Relatório: reports/pilot-device-compliance/incidents/INCIDENT-FASE-2-3-BATCH-PAYLOAD-MISSING.md
INCIDENT — FASE 2.3 Batch Apply Payload Missing
Status: CRITICAL — FREEZE ACTIVE Date: 2026-04-28T18:58:23Z Incident ID: INC-2026-04-28-001 Severity: Critical Impact: Objects created in wrong device
Summary
Batch apply reported SUCCESS but created interfaces in wrong device with incomplete payloads.
Expected Device: 4WNET-MNS-KTG-RX (ID: 1890) Actual Device: INFORR-BVA-JCL-RX (ID: 2647)
Timeline
| Time | Event |
|---|---|
| 18:58:23 | Batch apply executed with --confirm-real-write-batch |
| 18:58:23 | Script reported: "🟢 SUCCESS (all items created)" |
| 18:58:23 | Objects created: ID 18201, ID 18202 |
| Post-execution | Verification query revealed wrong device |
What Was Supposed to Happen
Batch ID: 33423d0a-6b34-41c9-9549-46a7b359aab4 Items: 2
- Eth-Trunk1
- Device: 4WNET-MNS-KTG-RX (ID: 1890)
- Type: interface
- Payload: { device: 1890, name: "Eth-Trunk1", type: "1000base-t", ... }
-
Expected ID: (new, on device 1890)
-
GigabitEthernet0/5/0
- Device: 4WNET-MNS-KTG-RX (ID: 1890)
- Type: interface
- Payload: { device: 1890, name: "GigabitEthernet0/5/0", type: "1000base-t", ... }
- Expected ID: (new, on device 1890)
What Actually Happened
Verification queries showed:
GET /api/dcim/interfaces/?device_id=1890&name=Eth-Trunk1
→ count=0 (NOT created on intended device)

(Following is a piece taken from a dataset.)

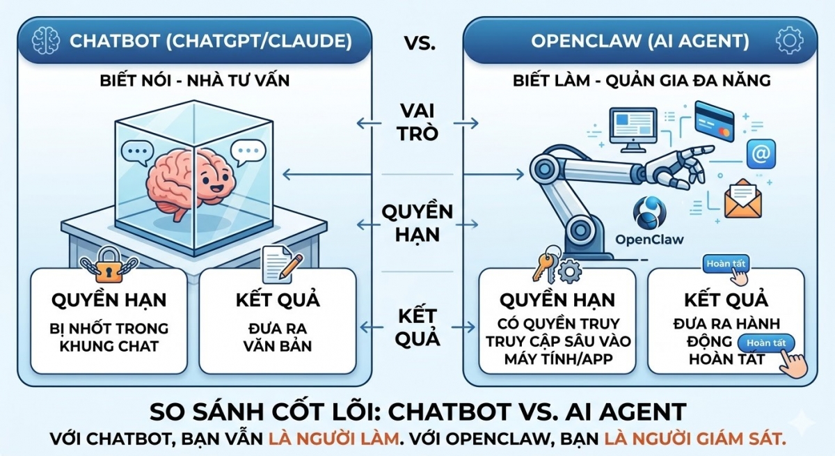 Nếu ChatGPT là một "giáo sư" ngồi trong phòng kính chỉ biết trả lời câu hỏi, thì OpenClaw chính là một "quản gia đa năng" có chìa khóa của mọi căn phòng.

GET /api/dcim/interfaces/?device_id=1890&name=GigabitEthernet0/5/0
→ count=0 (NOT created on intended device)
GET /api/dcim/interfaces/18201/
→ { id: 18201, name: "LoopBack100", device: 2647 }
(Created on WRONG device: INFORR-BVA-JCL-RX)
GET /api/dcim/interfaces/18202/
→ { id: 18202, name: "NULL0", device: 2647 }
(Created on WRONG device: INFORR-BVA-JCL-RX)
Root Cause Analysis
Primary Cause: Incomplete BatchApplyPlan Payload
Inspection of batch-apply-plan.json:
{
"batch_id": "33423d0a-...",
"device": "4WNET-MNS-KTG-RX",
"device_id": 1890,
"total_items": 2,
"items": [
{
"approval_id": "fb0a50b3-...",
"object_key": "Eth-Trunk1",
"object_type": "interface",
"device_id": null, // ← NULL (CRITICAL)
"method": null, // ← NULL (CRITICAL)
"target_endpoint": null, // ← NULL (CRITICAL)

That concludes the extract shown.